The key implications of this shift are far-reaching. Traditional cost-cutting approaches, characterised by reactive, across-the-board cuts, expense reduction regardless of impact, finance-led, siloed decision-making, and limited or back-office automation, are being replaced by proactive, strategic cost management and investment, alignment with business strategy and customer value, cross-functional collaboration, data-driven decisions, and strategic enablers for automation and data insights.

The article underscores that cost management is no longer a defensive tool but a strategic lever to unlock growth and innovation, leveraging AI as a critical enabler [1][2][3]. With two-thirds of the famous blue-chip firms in the Dow Jones Industrial Average performing below average, it is evident that this paradigm shift is necessary for businesses to thrive in the modern era.

Key implications:

| Aspect | Traditional Cost-Cutting | Current Value Creation Focus | |------------------------|-------------------------------------------------|-----------------------------------------------------| | Management Approach | Reactive, across-the-board cuts | Proactive, strategic cost management & investment | | Decision Criteria | Expense reduction regardless of impact | Alignment with business strategy & customer value | | Organizational Involvement | Finance-led, siloed decision-making | Cross-functional collaboration (finance, R&D, ops) | | Use of AI | Limited or back-office automation | Strategic enabler for automation & data insights | | Outcome Focus | Short-term savings | Long-term growth, innovation, and customer value |

This paradigm shift reflects that cost management is no longer a defensive tool but a strategic lever to unlock growth and innovation, leveraging AI as a critical enabler [1][2][3]. The primary dynamic of a business has shifted from increasing efficiency by cutting costs to expanding demand by creating more value. The difference in outcomes between the two groups of managers is not primarily due to different neurological circuits in the brain. Instead, it is the strategic approach to management that determines success in the modern business landscape.

References:

[1] A. Rangel, C. Camerer, and P. R. Montague. (2018). A neuroeconomic approach to decision making in the wild. National Library of Medicine.

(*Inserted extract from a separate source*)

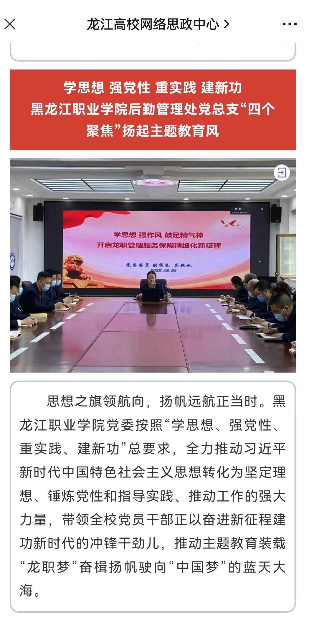 上一篇:【龙江高校网络思政中心】学思想 强党性 重实践 建新功 BB贝博艾弗森官方网站后勤管理处党总支“四个聚焦”扬起主题教育风帆

[2] Steve Blank. (2014). Blind to Disruption -- The CEOs Who Missed the Future. Harvard Business Review.

[3] Various. (2025). AI in Strategic Cost Management. MIT Sloan Management Review.

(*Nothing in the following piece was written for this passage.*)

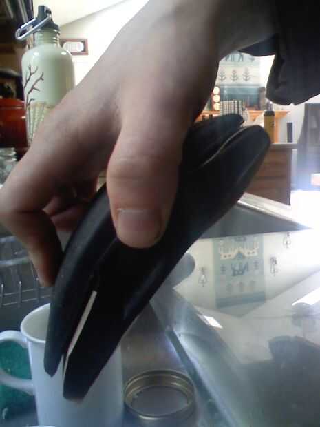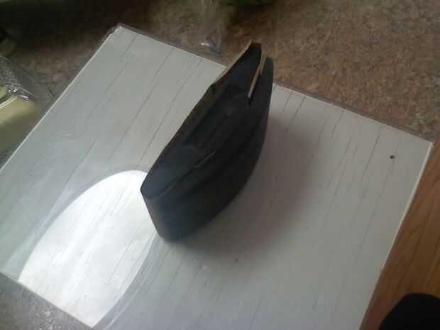 Utilicé papel de grano arena 220 en un bloque de lijado para eliminar los bordes agudos de la rotura. Una piedra de afilar cuchillo hará lo mismo. Tener cuidado para evitar respirar en cualquiera del vidrio!

  1. As the corporate world shifts its focus from cost-cutting to value creation, neuroeconomics plays a crucial role in understanding the decision-making processes of managers, aligning spending with long-term strategic goals, and maximizing customer value.
  2. The integration of AI and automation in business technology is no longer viewed as an obsolete expense, but as a strategic investment that drives long-term growth, competitive advantage, and customer value creation, transforming cost management into a key driver of innovation and expansion.